MAHALO TRIAL

Monthly injections of the biologic agent lampalizumab (Roche) can significantly reduce the rate of progression of geographic atrophy (GA), according to the results of the MAHALO phase II trial, which Frank Holz MD presented at the 13th EURETINA Congress in Hamburg. “The results of MAHALO phase II study with a complement inhibitor are promising. It is the first study to demonstrate a positive treatment effect in geographic atrophy due to age-related macular degeneration, said Dr Holz, University of Bonn, Germany.

In the multicentre study, 123 patients with GA were randomised to receive injections of 10.0mg of lampalizumab or sham injections in one eye, either monthly or every other month. At 18 months’ follow-up, the mean amount by which the area of GA had increased from baseline values was 20.4 per cent lower in eyes receiving the monthly lampalizumab regimen compared to eyes in the sham injection groups. All of the patients in the study had bilateral GA secondary to AMD and were free of choroidal neovascularisation at baseline.

None of the study eyes had undergone previous intravitreal injections, had a history of retinal surgery or other retinal therapeutic procedures. The treatment groups were well-matched in terms of demographics and disease severity. The mean total area of atrophy in study eyes was roughly 3.4 disc areas or approximately 8.6mm2. In no cases was the total area of atrophy greater than five disc areas or less than one disc area. In addition, hyperautofluorescence was present adjacent to the GA at baseline in all eyes.

Effect evident from six months

The researchers tracked the changes in the atrophic area throughout follow-up using fundus autofluorescence imaging with a confocal SLO system. Their findings showed that the reduction in growth rate among the monthly lampalizumab group was evident from six months' follow-up until the end of the trial. However, the atrophic lesion growth rate in the group receiving lampalizumab every two months was virtually identical to that of the sham injection groups throughout the same follow-up period, Dr Holz pointed out.

In terms of visual acuity, there was no significant difference between the groups at any point of follow-up, indicating that the treatment did not have any deleterious effect on retinal function, he noted.

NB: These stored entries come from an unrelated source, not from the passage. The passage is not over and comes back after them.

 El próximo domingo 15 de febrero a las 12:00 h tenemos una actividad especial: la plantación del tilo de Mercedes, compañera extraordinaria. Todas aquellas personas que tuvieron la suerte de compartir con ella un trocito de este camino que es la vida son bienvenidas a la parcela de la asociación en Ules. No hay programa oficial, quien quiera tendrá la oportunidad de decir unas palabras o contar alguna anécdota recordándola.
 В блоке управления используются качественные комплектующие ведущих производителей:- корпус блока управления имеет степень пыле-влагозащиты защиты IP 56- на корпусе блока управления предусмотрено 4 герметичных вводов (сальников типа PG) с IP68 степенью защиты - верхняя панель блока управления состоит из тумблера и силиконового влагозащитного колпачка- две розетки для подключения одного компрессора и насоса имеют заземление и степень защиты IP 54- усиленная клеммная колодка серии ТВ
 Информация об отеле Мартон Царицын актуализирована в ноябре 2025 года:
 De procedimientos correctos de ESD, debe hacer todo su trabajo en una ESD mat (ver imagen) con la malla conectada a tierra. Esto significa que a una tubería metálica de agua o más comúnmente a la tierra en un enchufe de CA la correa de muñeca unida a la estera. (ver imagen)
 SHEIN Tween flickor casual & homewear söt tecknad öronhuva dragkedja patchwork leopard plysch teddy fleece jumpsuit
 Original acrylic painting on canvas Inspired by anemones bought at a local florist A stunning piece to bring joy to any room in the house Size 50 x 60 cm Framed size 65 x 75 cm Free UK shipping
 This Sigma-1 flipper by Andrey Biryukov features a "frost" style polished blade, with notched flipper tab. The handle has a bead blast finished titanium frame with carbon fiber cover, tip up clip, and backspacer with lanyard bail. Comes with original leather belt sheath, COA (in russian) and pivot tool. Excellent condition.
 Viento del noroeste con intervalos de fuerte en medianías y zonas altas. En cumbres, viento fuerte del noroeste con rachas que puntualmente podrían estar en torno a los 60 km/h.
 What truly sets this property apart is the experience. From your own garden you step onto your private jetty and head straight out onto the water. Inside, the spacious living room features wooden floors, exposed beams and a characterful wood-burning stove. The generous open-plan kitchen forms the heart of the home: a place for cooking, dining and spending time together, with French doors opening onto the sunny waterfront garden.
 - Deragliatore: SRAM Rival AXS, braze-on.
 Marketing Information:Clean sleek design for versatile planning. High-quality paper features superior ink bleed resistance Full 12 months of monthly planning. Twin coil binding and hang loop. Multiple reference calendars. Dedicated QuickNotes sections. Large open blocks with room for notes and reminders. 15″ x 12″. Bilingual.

The lampalizumab injections were well tolerated, overall, Dr Holz said. The most common of ocular adverse effects were eye pain and conjunctival haemorrhage, which were associated with the injection procedure and occurred with a frequency similar to that in eyes undergoing anti- VEGF injections. There were no serious adverse ocular events that could be related to the biologic agent and there were no serious systemic side effects and there were no deaths.

Some 30 patients dropped out of the study for various reasons. Treatment was discontinued in six eyes due to choroidal neovascularisation, which makes measurements of the atrophy very difficult. The most common cause for discontinuation was the decision of the patient or physician or because of a patient’s condition requiring another treatment.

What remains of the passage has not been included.